**Exercise instructions:** Reproduce the listing in its entirety. Do not reproduce the pictures.

**Dataset extract:**
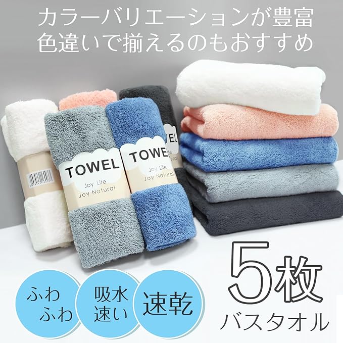 【バスタオル 5枚セット】材質:マイクロファイバー ・サイズ:約60 120cm ・カラー:、ブルー 内容:5枚セット・用途:バスタオル、プールタオル、ひざ掛けなど
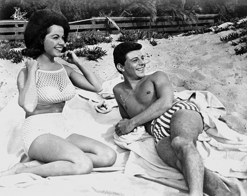 Frankie ascended the throne of Teen Supreme starring in “Beach Party”with Beachgirl Extraordinarie Annette Funicello, the first of five official “Beach Party” films that would spin “Beach Party” mythology into the public realm, and without a doubt kick fashion’s ass.
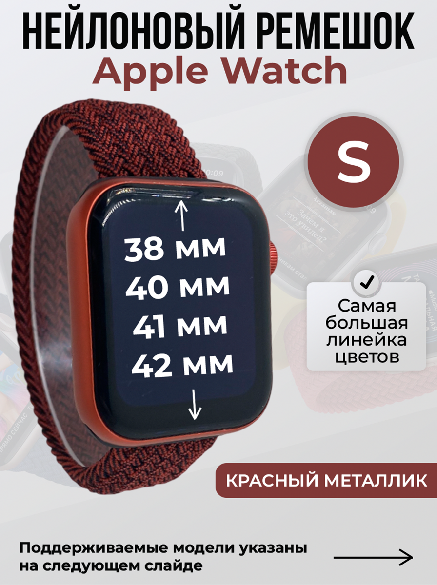 Нейлоновый ремешок для Apple Watch 1-9/SE/SE2/SE3 (38/40/41 мм), 10/11/S10/S11, 42 мм, без застежки, красный металлик, размер S
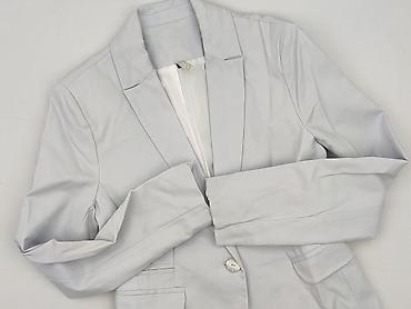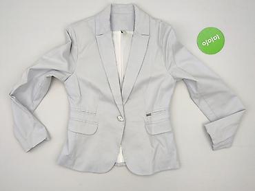 Damska marynarka jednorzędowa, kolor jasnoszary (gołębi). Taliowany krój podkreślający sylwetkę, klasyczne klapy. Zapinanie na jeden ozdobny guzik z przodu.

**Solution for this problem:**
 【バスタオル 5枚セット】材質:マイクロファイバー ・サイズ:約60 120cm ・カラー:、ブルー 内容:5枚セット・用途:バスタオル、プールタオル、ひざ掛けなど
 Frankie ascended the throne of Teen Supreme starring in “Beach Party”with Beachgirl Extraordinarie Annette Funicello, the first of five official “Beach Party” films that would spin “Beach Party” mythology into the public realm, and without a doubt kick fashion’s ass.
 Нейлоновый ремешок для Apple Watch 1-9/SE/SE2/SE3 (38/40/41 мм), 10/11/S10/S11, 42 мм, без застежки, красный металлик, размер S
 Damska marynarka jednorzędowa, kolor jasnoszary (gołębi). Taliowany krój podkreślający sylwetkę, klasyczne klapy. Zapinanie na jeden ozdobny guzik z przodu.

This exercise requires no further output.